Instructions to follow » Print exactly the lines below between the line containing "清乾隆 九狮纹玉壶春瓶 高44厘米 观复博物馆藏" and the line containing "參與學員於會場內殷殷期盼力克演講", counting both of those lines. Leave pictures out.

Supplied information »
====================
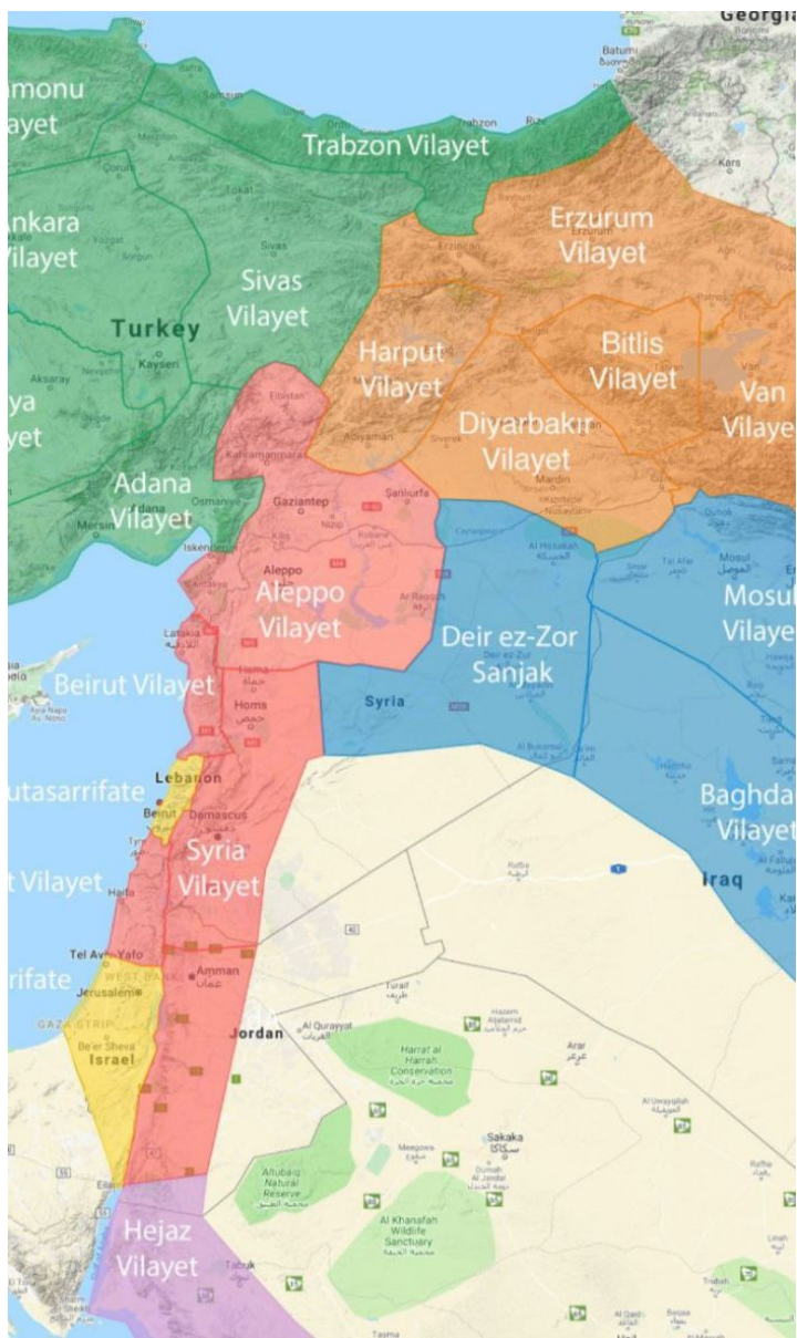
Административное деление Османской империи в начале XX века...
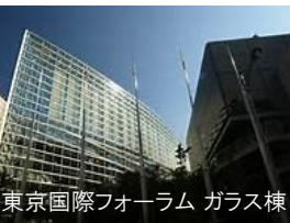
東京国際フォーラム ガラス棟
====================
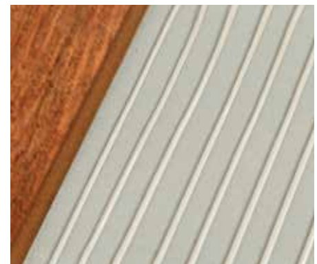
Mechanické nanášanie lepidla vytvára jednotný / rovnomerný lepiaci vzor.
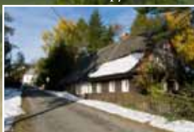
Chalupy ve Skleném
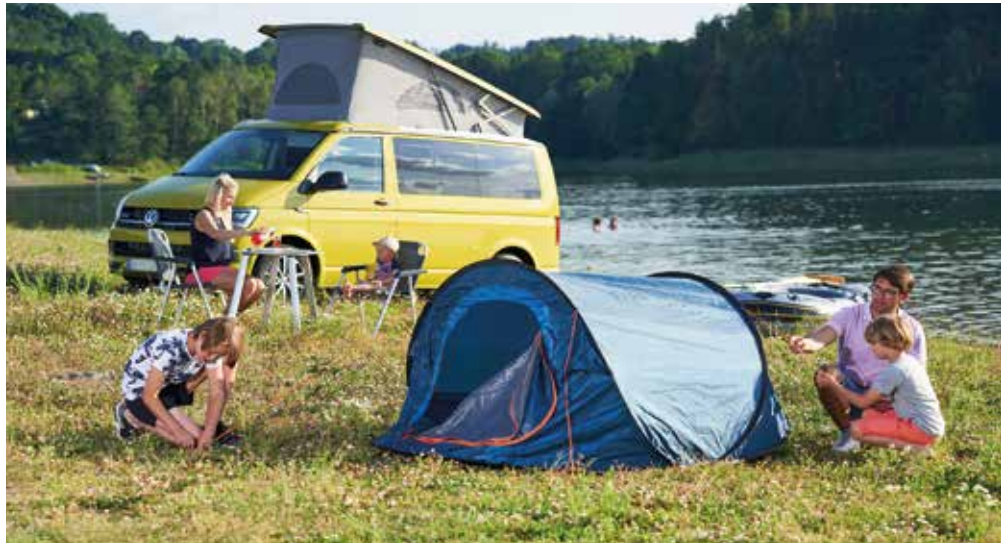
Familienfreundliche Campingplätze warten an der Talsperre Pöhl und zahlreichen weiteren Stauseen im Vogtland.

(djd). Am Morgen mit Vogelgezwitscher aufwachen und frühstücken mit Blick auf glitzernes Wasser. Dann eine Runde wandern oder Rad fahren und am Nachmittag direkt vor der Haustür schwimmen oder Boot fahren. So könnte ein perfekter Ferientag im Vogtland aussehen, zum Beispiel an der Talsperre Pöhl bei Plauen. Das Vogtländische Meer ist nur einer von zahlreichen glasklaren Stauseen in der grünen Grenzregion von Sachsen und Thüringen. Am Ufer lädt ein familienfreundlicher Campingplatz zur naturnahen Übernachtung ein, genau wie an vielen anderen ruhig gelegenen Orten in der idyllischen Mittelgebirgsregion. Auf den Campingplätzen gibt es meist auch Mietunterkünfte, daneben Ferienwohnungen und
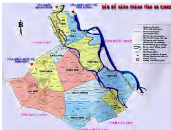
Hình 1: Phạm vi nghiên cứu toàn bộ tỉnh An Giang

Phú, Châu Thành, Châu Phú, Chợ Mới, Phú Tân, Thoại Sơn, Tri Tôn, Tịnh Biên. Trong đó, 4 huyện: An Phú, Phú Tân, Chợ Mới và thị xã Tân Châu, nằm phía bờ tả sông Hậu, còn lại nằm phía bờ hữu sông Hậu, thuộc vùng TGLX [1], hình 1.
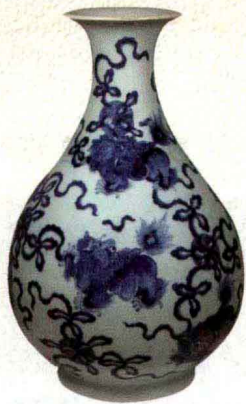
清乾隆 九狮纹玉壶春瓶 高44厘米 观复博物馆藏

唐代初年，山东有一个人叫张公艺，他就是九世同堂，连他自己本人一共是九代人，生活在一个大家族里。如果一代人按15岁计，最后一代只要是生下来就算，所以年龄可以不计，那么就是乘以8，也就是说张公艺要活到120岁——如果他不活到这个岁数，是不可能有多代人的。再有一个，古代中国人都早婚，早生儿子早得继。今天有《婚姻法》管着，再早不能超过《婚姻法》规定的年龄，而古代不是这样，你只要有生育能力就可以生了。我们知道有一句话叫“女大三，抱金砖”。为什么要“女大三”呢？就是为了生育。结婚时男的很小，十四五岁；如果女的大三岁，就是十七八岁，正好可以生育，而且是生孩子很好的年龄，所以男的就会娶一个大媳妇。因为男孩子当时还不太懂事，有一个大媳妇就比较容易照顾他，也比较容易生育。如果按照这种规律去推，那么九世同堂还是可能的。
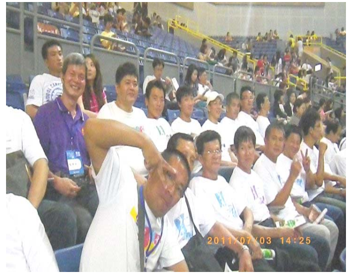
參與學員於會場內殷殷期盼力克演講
====================
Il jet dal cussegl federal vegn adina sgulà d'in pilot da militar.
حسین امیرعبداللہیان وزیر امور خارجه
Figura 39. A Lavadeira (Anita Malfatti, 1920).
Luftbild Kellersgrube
====================
Result of this exercise »
清乾隆 九狮纹玉壶春瓶 高44厘米 观复博物馆藏

唐代初年，山东有一个人叫张公艺，他就是九世同堂，连他自己本人一共是九代人，生活在一个大家族里。如果一代人按15岁计，最后一代只要是生下来就算，所以年龄可以不计，那么就是乘以8，也就是说张公艺要活到120岁——如果他不活到这个岁数，是不可能有多代人的。再有一个，古代中国人都早婚，早生儿子早得继。今天有《婚姻法》管着，再早不能超过《婚姻法》规定的年龄，而古代不是这样，你只要有生育能力就可以生了。我们知道有一句话叫“女大三，抱金砖”。为什么要“女大三”呢？就是为了生育。结婚时男的很小，十四五岁；如果女的大三岁，就是十七八岁，正好可以生育，而且是生孩子很好的年龄，所以男的就会娶一个大媳妇。因为男孩子当时还不太懂事，有一个大媳妇就比较容易照顾他，也比较容易生育。如果按照这种规律去推，那么九世同堂还是可能的。
參與學員於會場內殷殷期盼力克演講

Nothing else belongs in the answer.